#### What you should do:
Range to repeat from the listing below: the line containing "United we shine" down to the line containing "1 名前:おっさん友の会 ★:2025/04/22(火)", both included. Copy it exactly, pictures excluded, and add nothing else.

#### Excerpted data:
*** Block opens ***

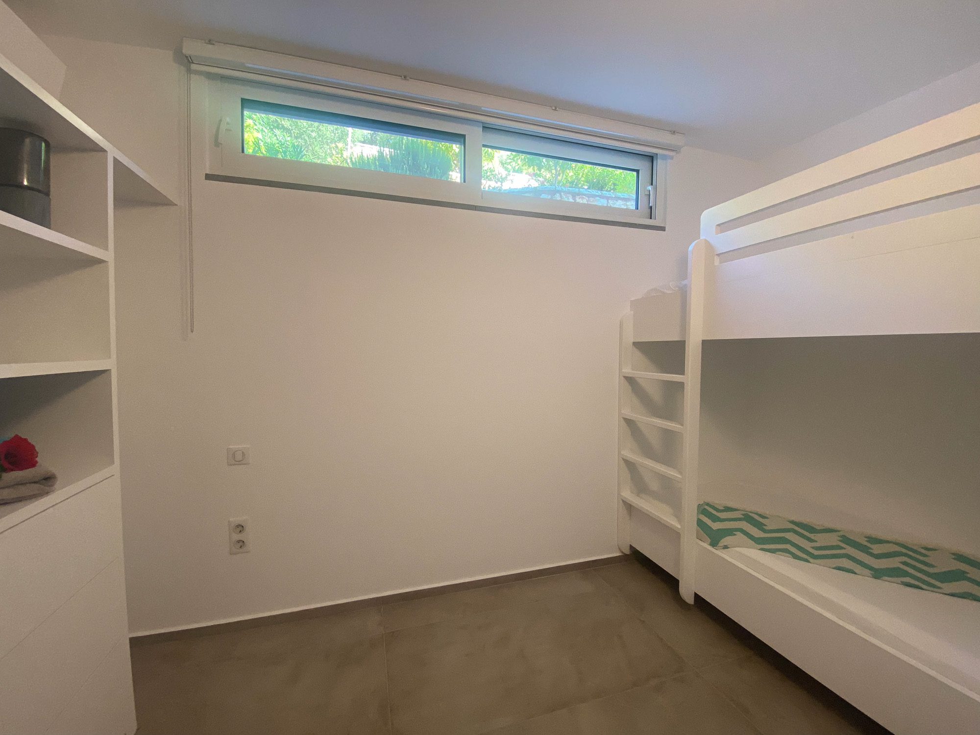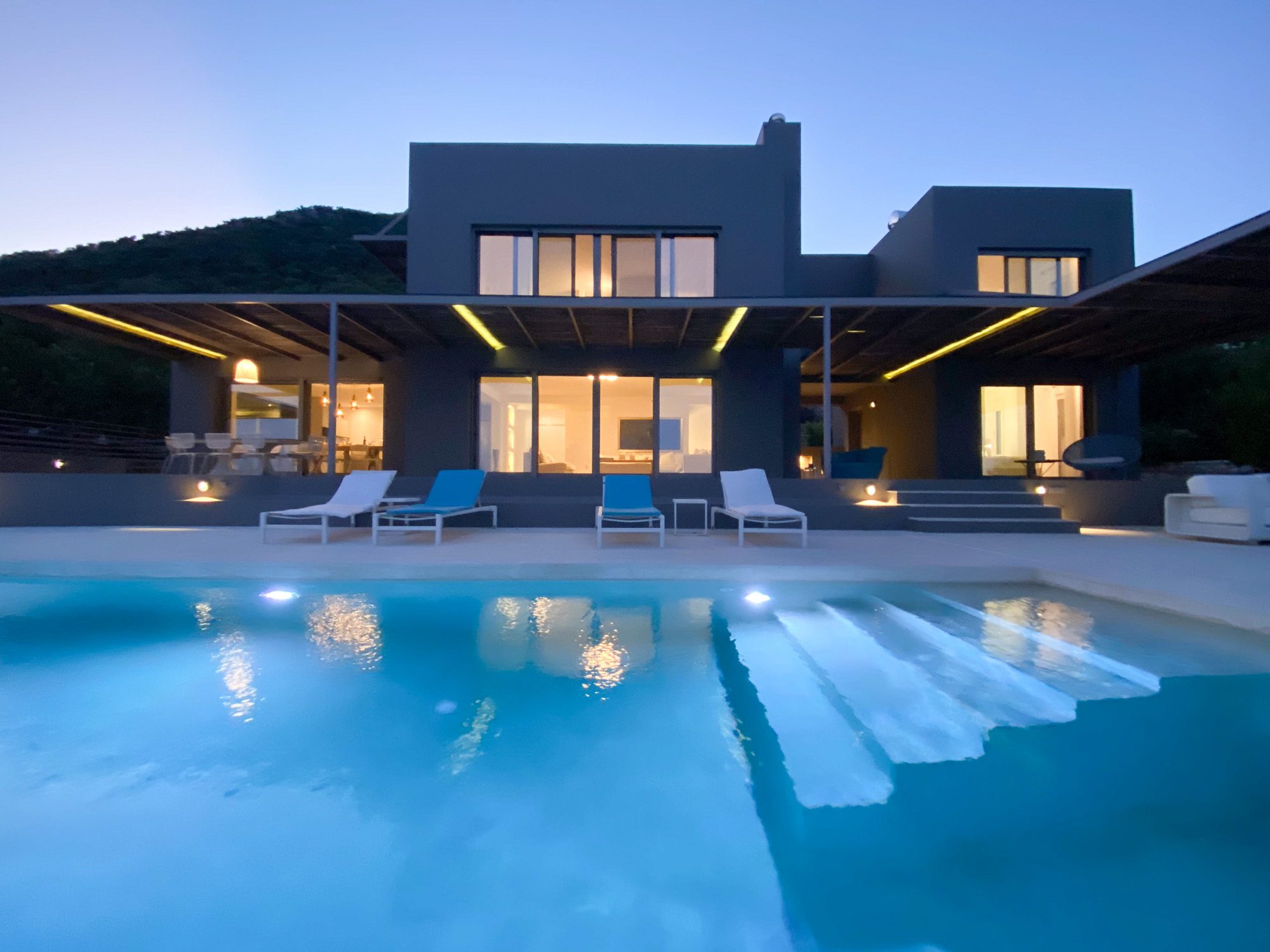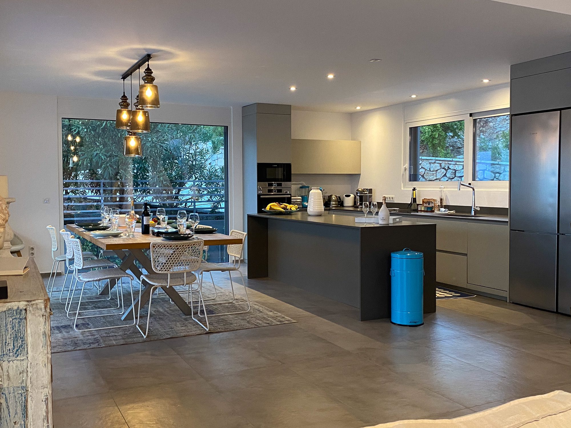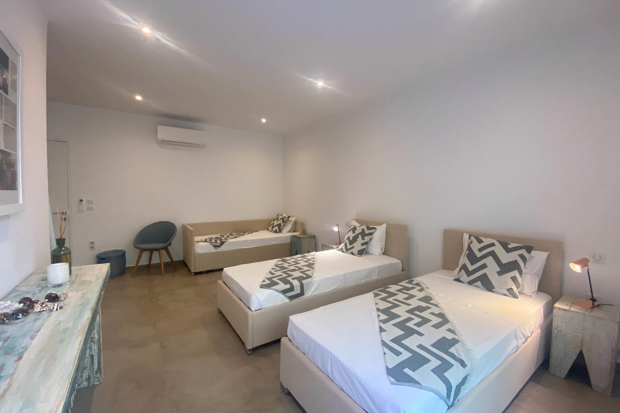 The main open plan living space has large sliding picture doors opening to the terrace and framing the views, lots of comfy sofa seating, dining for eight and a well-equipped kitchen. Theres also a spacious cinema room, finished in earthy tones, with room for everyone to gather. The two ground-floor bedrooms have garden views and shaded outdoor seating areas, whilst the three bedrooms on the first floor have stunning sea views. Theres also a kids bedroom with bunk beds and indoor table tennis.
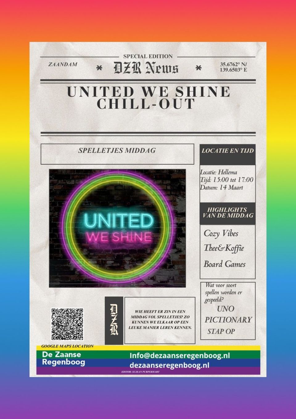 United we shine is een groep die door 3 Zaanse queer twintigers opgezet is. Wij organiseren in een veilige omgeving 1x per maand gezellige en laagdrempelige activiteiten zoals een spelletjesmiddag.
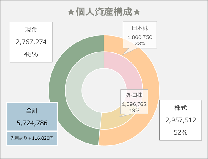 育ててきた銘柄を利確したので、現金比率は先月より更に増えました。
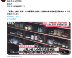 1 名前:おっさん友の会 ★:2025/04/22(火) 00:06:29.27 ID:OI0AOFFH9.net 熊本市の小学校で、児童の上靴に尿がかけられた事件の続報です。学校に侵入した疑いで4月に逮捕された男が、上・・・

*** Block closes ***
*** Block opens ***

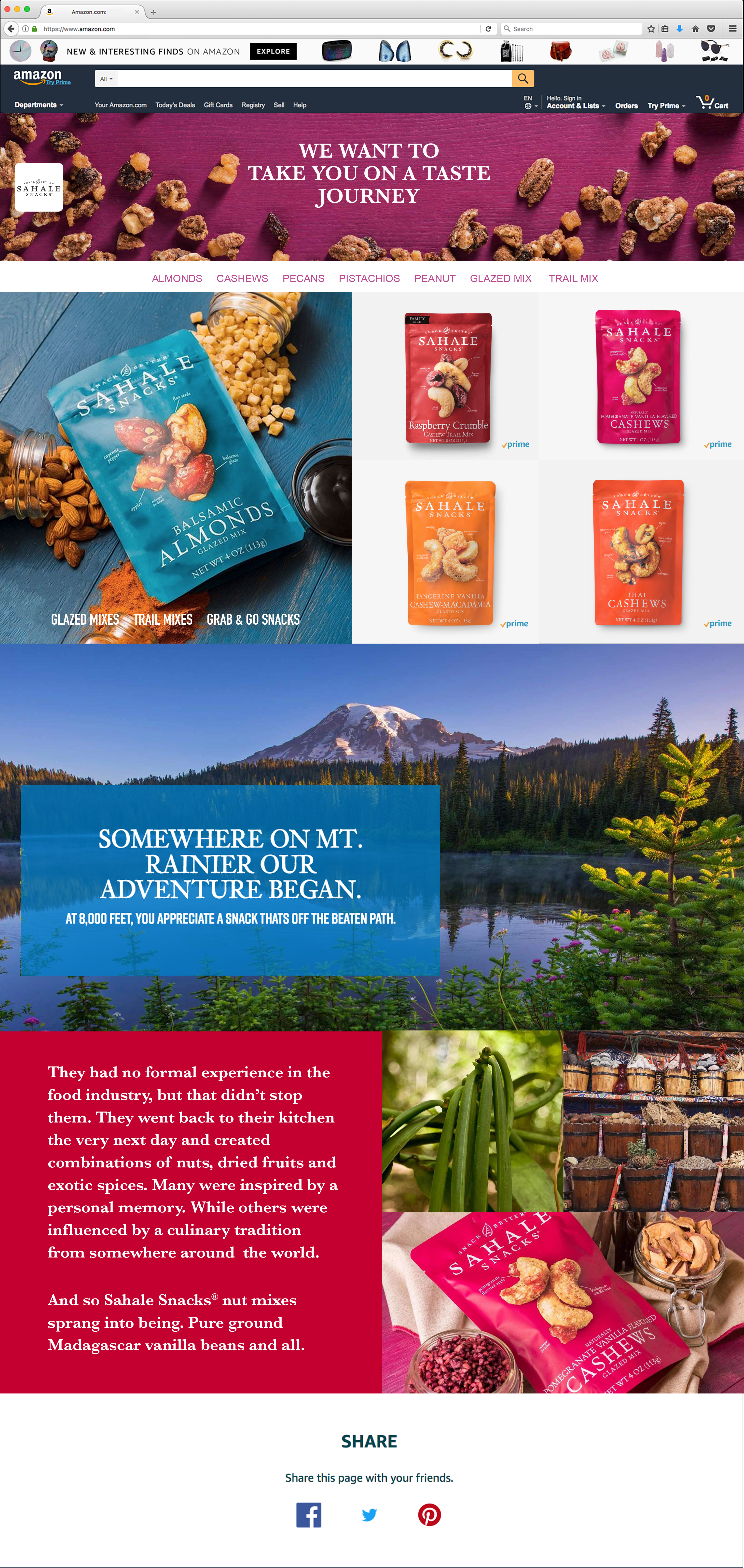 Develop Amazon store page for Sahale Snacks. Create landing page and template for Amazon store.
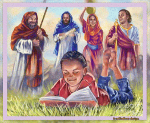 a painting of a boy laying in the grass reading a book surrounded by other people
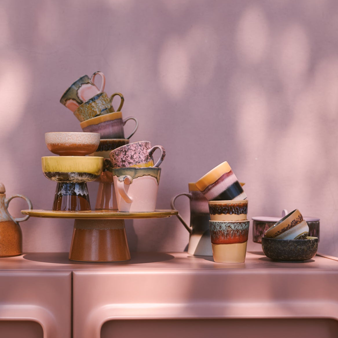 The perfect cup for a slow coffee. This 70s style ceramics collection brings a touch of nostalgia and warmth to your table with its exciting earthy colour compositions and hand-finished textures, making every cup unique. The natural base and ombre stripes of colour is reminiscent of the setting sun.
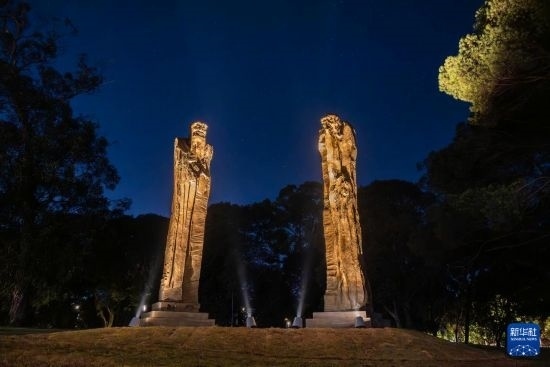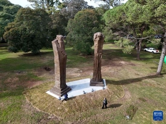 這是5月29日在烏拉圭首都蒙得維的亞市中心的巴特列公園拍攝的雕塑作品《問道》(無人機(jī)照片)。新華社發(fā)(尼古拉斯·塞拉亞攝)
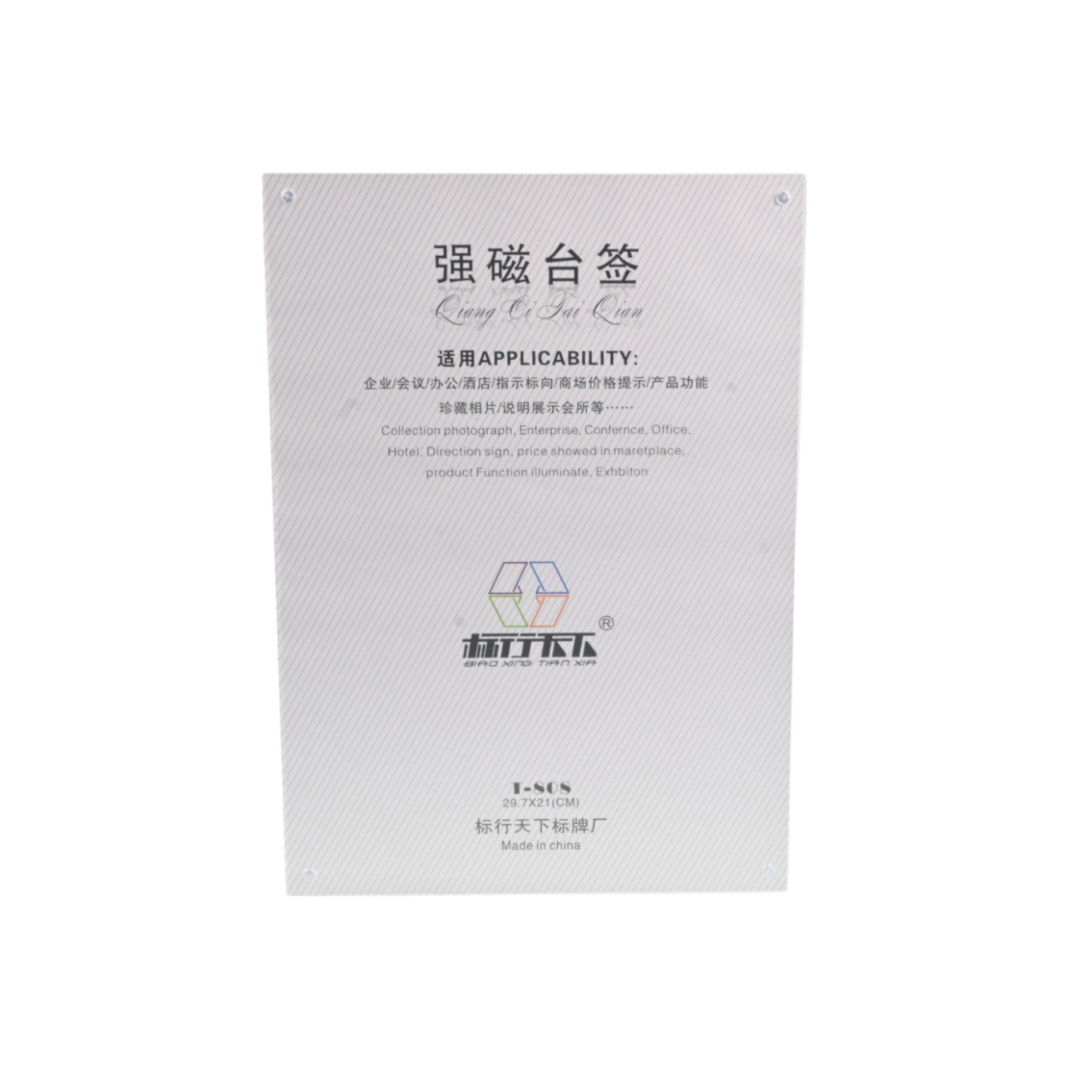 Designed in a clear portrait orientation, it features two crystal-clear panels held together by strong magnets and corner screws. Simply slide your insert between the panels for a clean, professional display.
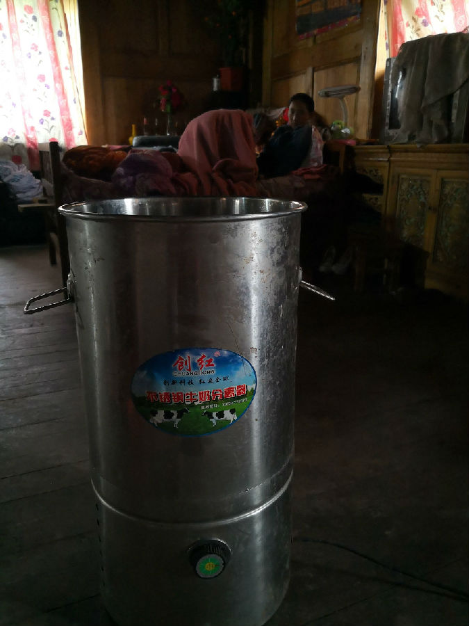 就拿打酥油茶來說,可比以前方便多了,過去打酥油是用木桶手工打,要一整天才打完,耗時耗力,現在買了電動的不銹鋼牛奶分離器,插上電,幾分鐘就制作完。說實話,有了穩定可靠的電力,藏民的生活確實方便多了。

*** Block closes ***

#### Exercise result:
 United we shine is een groep die door 3 Zaanse queer twintigers opgezet is. Wij organiseren in een veilige omgeving 1x per maand gezellige en laagdrempelige activiteiten zoals een spelletjesmiddag.
 育ててきた銘柄を利確したので、現金比率は先月より更に増えました。
 1 名前:おっさん友の会 ★:2025/04/22(火) 00:06:29.27 ID:OI0AOFFH9.net 熊本市の小学校で、児童の上靴に尿がかけられた事件の続報です。学校に侵入した疑いで4月に逮捕された男が、上・・・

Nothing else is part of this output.